I’m using OpenSSL as a module in PHP (php_openssl), and I need to call the CGI page may times per second
 but the initialization process in RAND_poll is too slow.

I’m thinking to modify OpenSSL to use the rtlGenRandom call available in XP/2003 Server/Vista OSs

(see http://blogs.msdn.com/michael_howard/archive/2005/01/14/353379.aspx for comments on rtlGenRandom )

Does the above statements and posted code means that you can actually confirm that you've verified that it's call to CryptGenRandom [or CryptAcquireContext] that is holding RAND_poll back and not something else? If not, then one should first figure out that, rather than jumping at something they don't guarantee there is and even in clear text advise to favor CryptGenRandom. Once it's done one should make an effort to find a [more] legitimate way to optimize the "guilty" one.

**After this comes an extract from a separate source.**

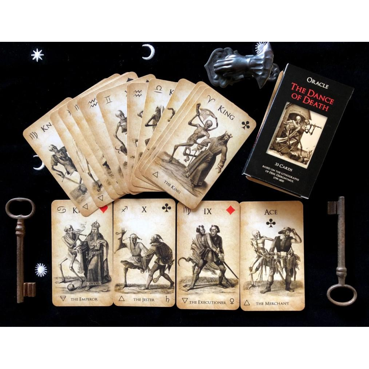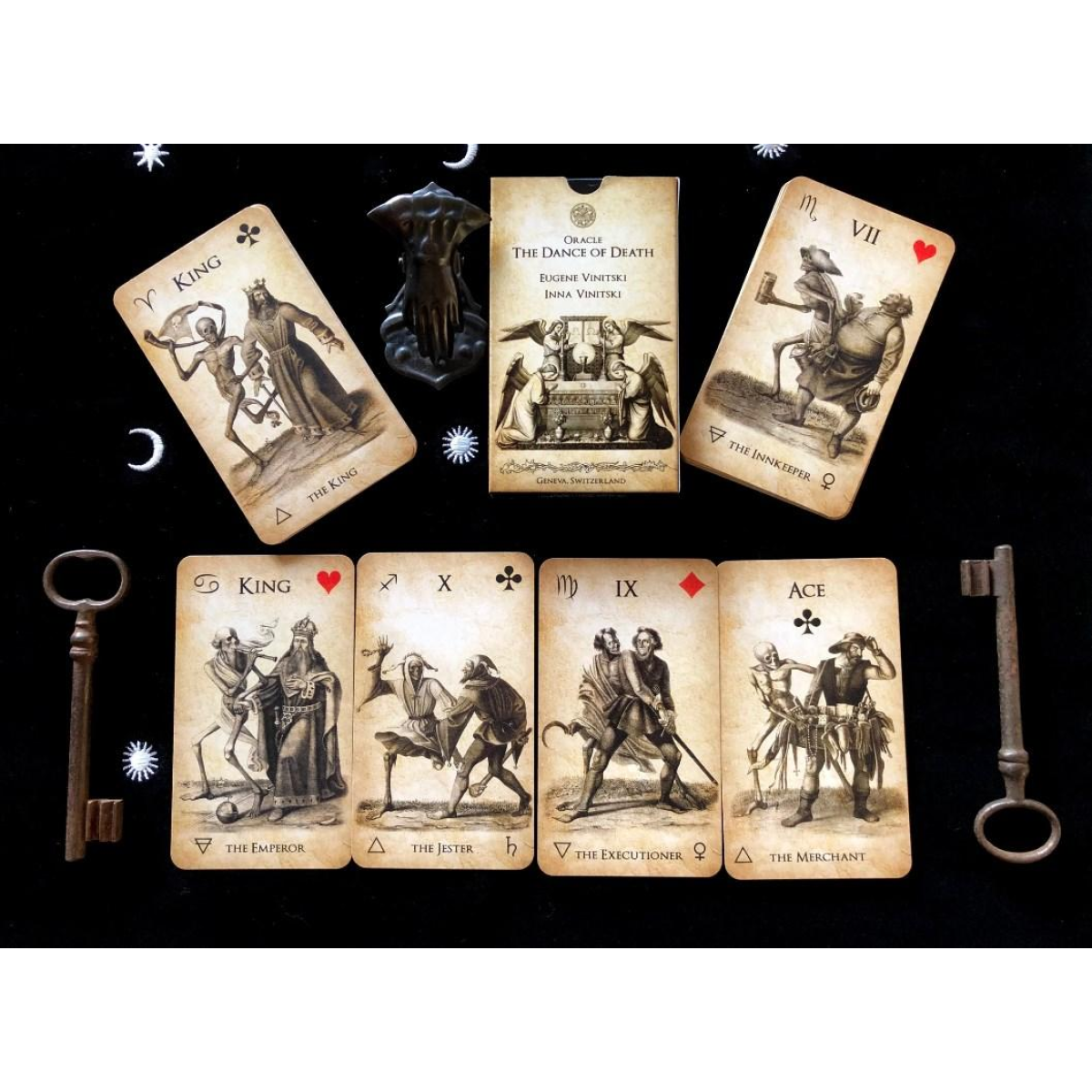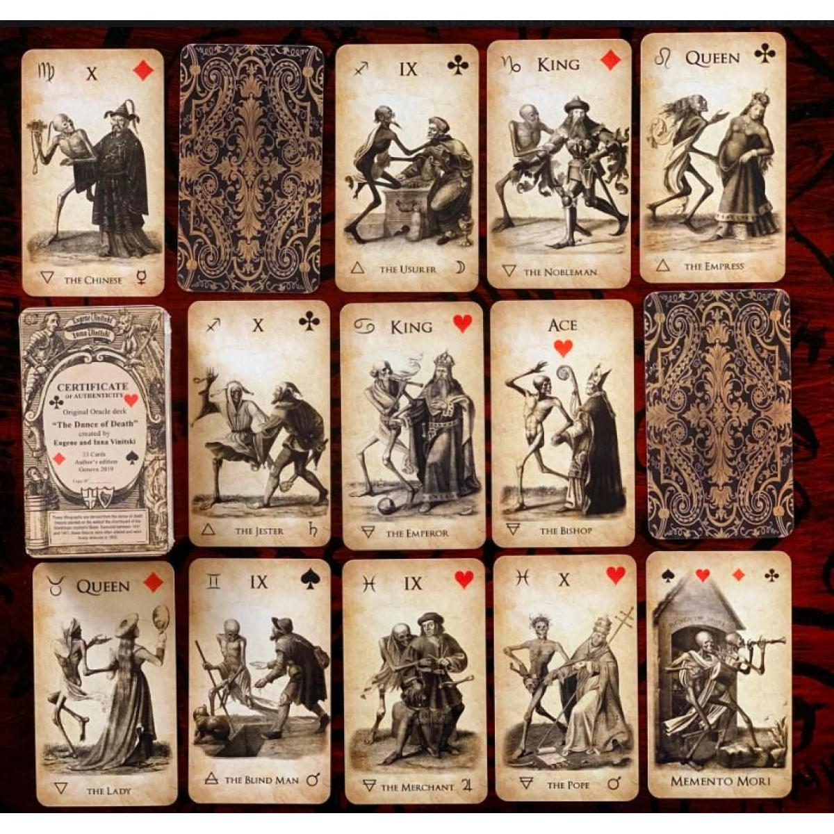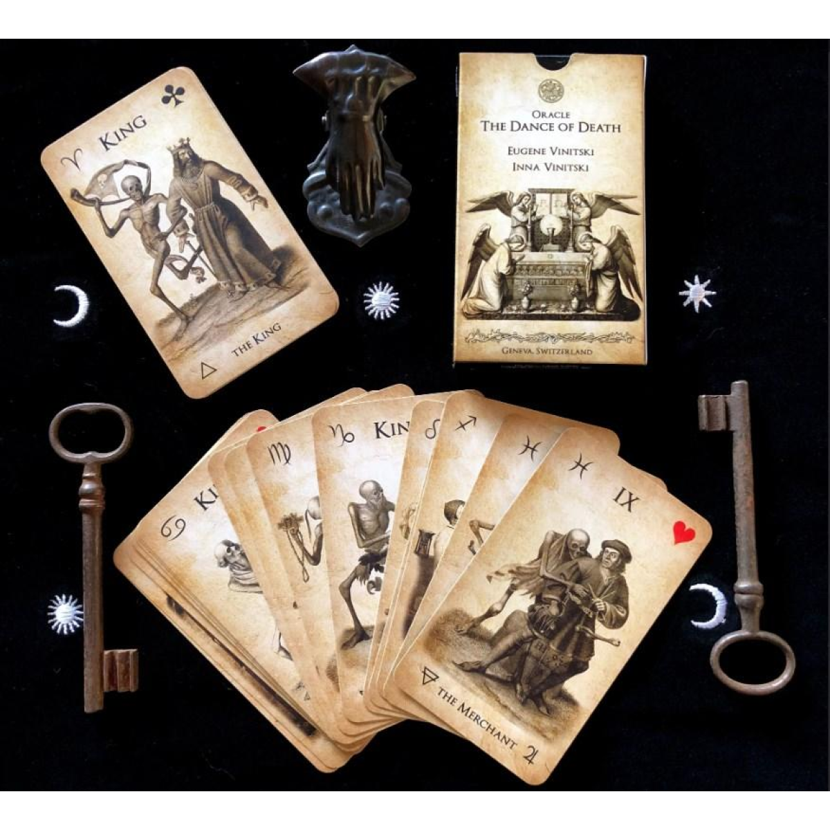 “Танець смерті, також званий danse macabre, середньовічна алегорична концепція всеперемагаючої і врівноважувала б сили смерті, виражена в драмі, поезії, музиці та образотворчому мистецтві Західної Європи, головним чином, в пізньому середньовіччі. Строго кажучи, це літературний або живописне зображення процесії чи танцю як живих, так і мертвих фігур. Ця концепція, ймовірно, отримала поширення в пізньому середньовіччі в результаті одержимості смертю, натхненної епідемією Чорної смерті в середині 14 століття і спустошливої Столітньою війною (1337-1453) між Францією та Англією.. Танець смерті часто з“являється на фризах, що прикрашають клуатры монастирів (відкриті двори яких зазвичай містять кладовища) і нефи церков. Однією з найвідоміших була розпис кладовища Домініканського монастиря в Базелі. На оригіналі 1440 року зображені 37 пар, що зображують смерть, звернених до смертним. Фрески не тільки кілька разів реставрували, але навіть змінювали. У 1805 році знесли стіну, і збереглося всього 19 фрагментів. Деякі фрагменти стін зберігаються в Історичному музеї Базеля. Ієронім Гесс (1799-1850) був художником з Базеля. У 1839 році Гессу було доручено скопіювати акварелі Емануеля Бюхеля (1705-1775), що зображують танець смерті в Базелі. Тут ми маємо на увазі традиційні значення карт, їх комбінації і традиційні розклади. Ми надрукували і додали в цю колоду 4 додаткові пронумеровані картки (картки 6), якщо ви хочете використовувати колоду з 36 карт. Ви отримаєте їх разом з цією колодою.“ (Vinitski)
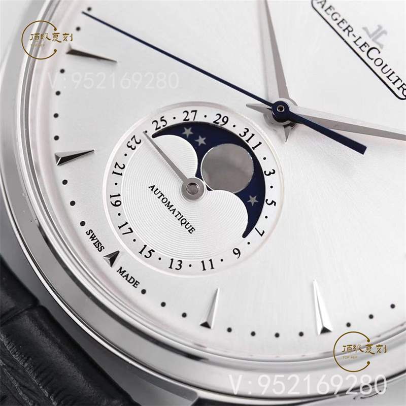 GF廠積家月相大師系列「1368430」復(fù)刻腕簡(jiǎn)約耐看銀白色的表盤,更能體現(xiàn)男士的高雅與大方?,很好的展現(xiàn)男人老到干練的一面??此坪?jiǎn)略的立體鑲嵌時(shí)標(biāo),每一枚鑲嵌時(shí)標(biāo)都要打磨出勻稱的三個(gè)平面,不只美觀大方,而且指示清楚!

As for CryptGenRandom and "RtlGenRandom" in more general sense. Registry access tracing suggests that both calls maintain a shared 80-bit Cryptography\RNG\Seed value in HKLM. How do unprivileged programs do it is actually [smaller] mystery, because the key is not writable for mortals [what I see is most likely kernel driver access accounted to my user-land application]. But what appears alerting is that the key value is publicly readable, meaning that adversary non-privileged application can follow its changes. Is there evidence that this adversary application can't deduce the random values obtained by application based on observed seed values? A.